İnanıyorum ki; Cumhuriyet Türkiye’sinin en büyük eksiği…

İslâm’ı yaşamadan dünyevi düzeni kuramayanlar din ile dünya ilişkilerinden hepimizi uzaklaştırdılar.

Yüce Yaradan’ın “Oku” emrinin gereğini bile çok gördüler...

Ne emrediyor Yüce Yaradan:

"Yaratan Rabbinin adıyla oku!"

"Oku! Kalemle (yazmayı) öğreten, (böylece) insana bilmediğini bildiren Rabbin sonsuz kerem sahibidir."
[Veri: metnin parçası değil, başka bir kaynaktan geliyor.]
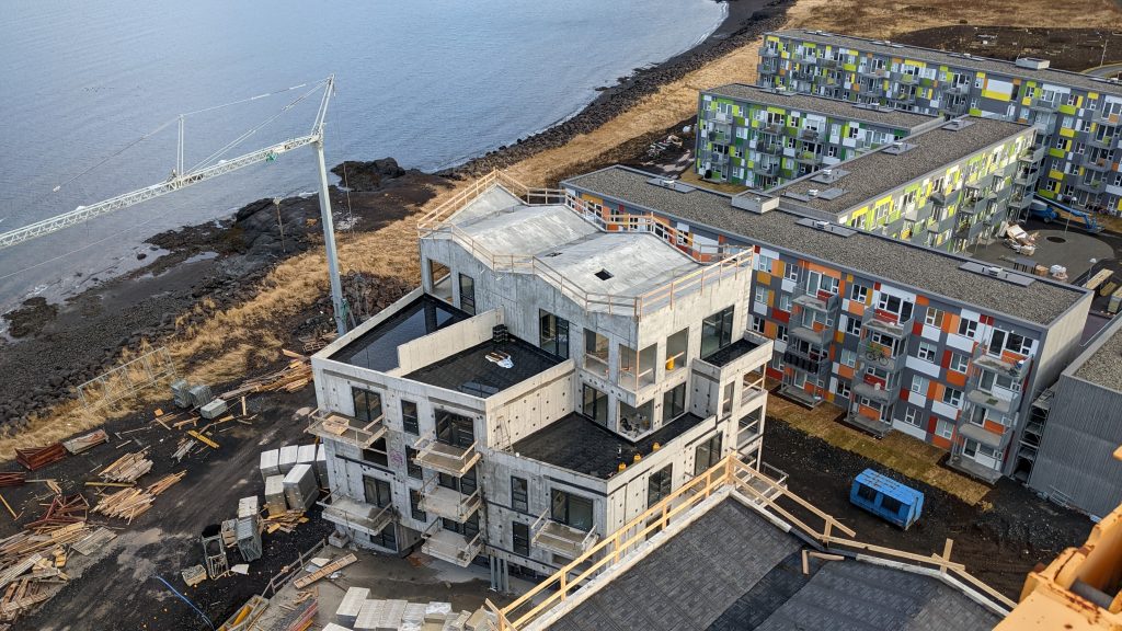 Häuser aus Beton sind relativ schnell, und ich denke auch relativ einfach, zu bauen. Sie sind langlebig und wartungsarm, was bei dem rauen Wetter definitiv ein Argument ist. Ein großes Problem ist hier tatsächlich der horizontale Schlagregen, der mit so viel Druck auf die Hauswände prasselt, dass sogar die kleinsten Risse im Beton zu Problemen werden können. Deswegen müssen alle Wände komplett abgedichtet werden. Das ist bei Beton einfacher als zum Beispiel bei Holzverkleidungen o.ä. Vermutlich ist das auch der Grund, warum die Blechverkleidungen hier so beliebt sind. Aber zurück zu den Betonbauten: Sie sind relativ schnell zu bauen, was momentan wichtig hier ist. Ich habe aus mehreren Ecken gehört, dass ganz viel gebaut werden muss und dass es riesige Projekte mit extrem vielen Appartements gibt. Das ist auch der Eindruck, den ich bekommen habe. Bei unseren Wochenendtouren sind wir an sehr vielen Baustellen vorbeigekommen, wo überall Betonhäuser aus dem Boden gestampft wurden. Der Tourismus in Island wird immer mehr. Im Sommer kommen über 2 Milionen Menschen nach Island. Die müssen auch irgendwo unterkommen und vor allem auch irgendwas essen. Das stellt die Isländer vor eine große Herausforderung, denn dann sind auf einmal mehr als 4 Mal so viele Menschen auf der Insel.

Peki gerçekten bu emri yerine getirip okuduğumuzu anlıyor ve anlatıyor muyuz?

Cami toplumlu bir toplum öneriyorlar ama cemaatin birbiriyle selamlaşmadan camilere girip çıktıklarından bihaberler!

Yaşadığımız acı ve sıkıntılardan kurtulup huzur ve barışı tesis etmenin tek yolunun hileden hurdadan uzak doğruları haykırmak olduğunu herkes idrak edebilmelidir.

Bunun için de İslam’ı doğru öğrenmek ve yaşamak mecburiyetindeyiz.

Mukaddes değerlerimizi istismar edenlerden bıktık ama onları dediğine inanmaktan ne acıdır ki bıkmadık.

Güç ve çıkar devşirmeye çalışanların cirit atmasının nedenini Diyanet İşleri Başkanlığımızın iyi analiz etmesinin artık tam zamanı.

İnsanlığa rehber olarak gönderilen yüce kitabımız Kur’an-ı Kerim’deki ışıklarından ezberci bir toplumun faydalanamayacağını artık görmenin tam zamanı…

Hayata riyasız bakabilmek, İslam’a ve mensup olduğu Türk milletine vefa ile bağlanan nesiller görmek istiyor isek vakit bu vakittir.